The reasons given are not the same. If your project grows, then a good option is to place an additional server in another data center to increase service availability. And in the case of the increasing popularity of information raiding, the option is even necessary. Is this service for you? Yes, you can also use the existing functionality.

So, let us dwell on the fact that CISCO ACE (or any other decent balancer) is able to distribute the load not only between directly connected servers, but also between remote resources. This mode is called Routed One-Arm-Mode (or On-a-Stick).
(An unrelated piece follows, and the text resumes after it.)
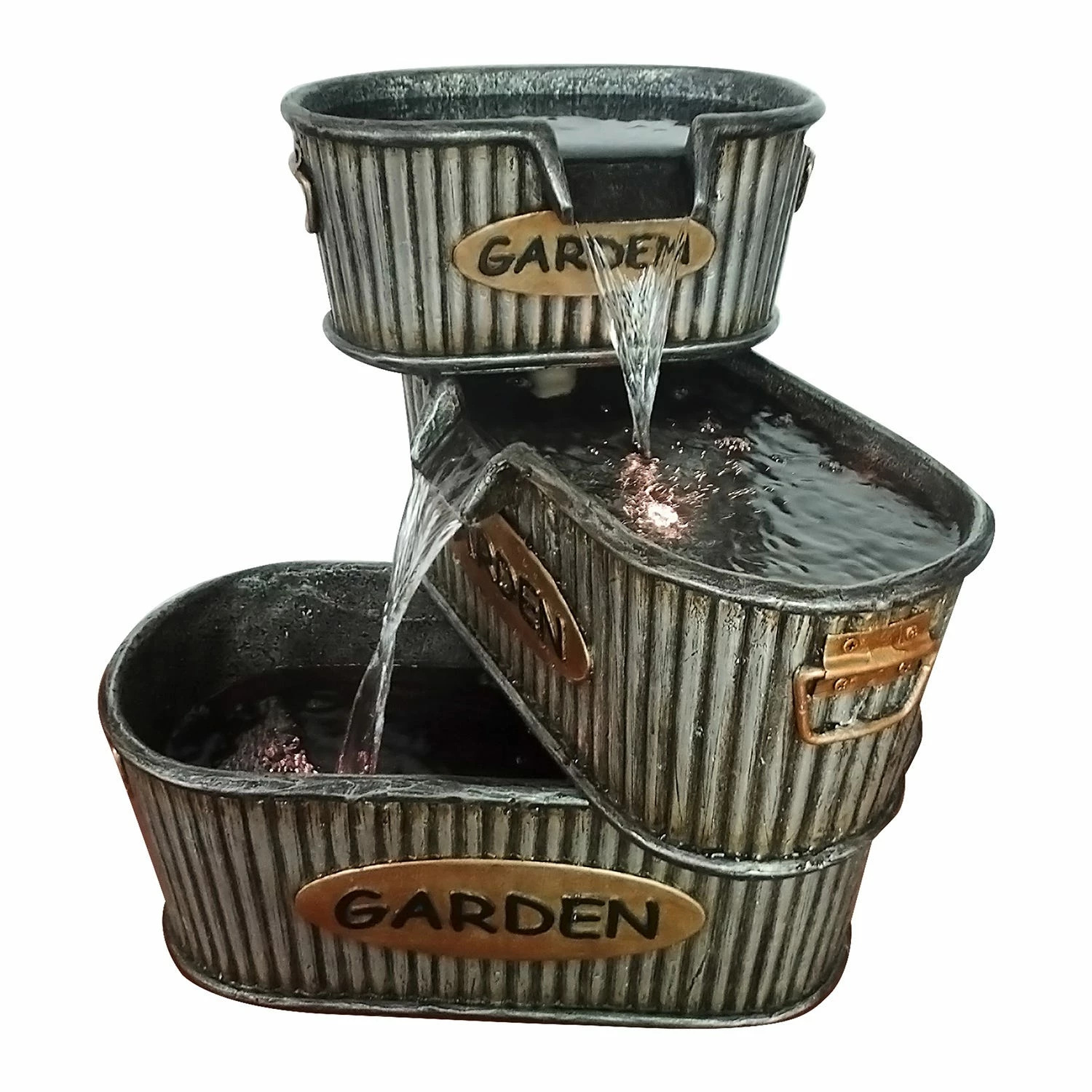 With a rustic appeal and multiple water tiers, this fountains creates a relaxing and homey atmosphere. Skillfully crafted to be balanced and durable; can be enjoyed inside or out. . Pump and all necessary parts included for a quick and easy installation.

The architecture of this mode is nothing special, just instead of Destination NAT (for farm hosts), the balancer produces additional Source NAT. Well, all other functions have not been canceled. I propose to consider an example demonstrating the possibilities.



In this case, all your traffic is sent to a virtual address (VIP). This address is assigned to the balancer. Processing requests, it redirects them to remote servers. All servers belong to the same structural group - the server farm. We will make a small adjustment. In many ways, it will repeat the structure discussed in the first article.

1. Create a server
In our case there are three servers, with the addresses specified in the topology:

 rserver host SERVER-1 description SERVER-1 ip address 1.1.1.1 inservice 
rserver host SERVER-2 description SERVER-2 ip address 2.2.2.2 inservice
rserver host SERVER-3 description SERVER-3 ip address 3.3.3.3 inservice
rserver host SERVER-1 description SERVER-1 ip address 1.1.1.1 inservice
rserver host SERVER-2 description SERVER-2 ip address 2.2.2.2 inservice
rserver host SERVER-3 description SERVER-3 ip address 3.3.3.3 inservice
 rserver host SERVER-1 description SERVER-1 ip address 1.1.1.1 inservice 
rserver host SERVER-2 description SERVER-2 ip address 2.2.2.2 inservice
rserver host SERVER-3 description SERVER-3 ip address 3.3.3.3 inservice
rserver host SERVER-1 description SERVER-1 ip address 1.1.1.1 inservice
rserver host SERVER-2 description SERVER-2 ip address 2.2.2.2 inservice
rserver host SERVER-3 description SERVER-3 ip address 3.3.3.3 inservice
 rserver host SERVER-1 description SERVER-1 ip address 1.1.1.1 inservice 
rserver host SERVER-2 description SERVER-2 ip address 2.2.2.2 inservice
rserver host SERVER-3 description SERVER-3 ip address 3.3.3.3 inservice


2. We describe the rules for determining the availability of services (let there be a WEB server)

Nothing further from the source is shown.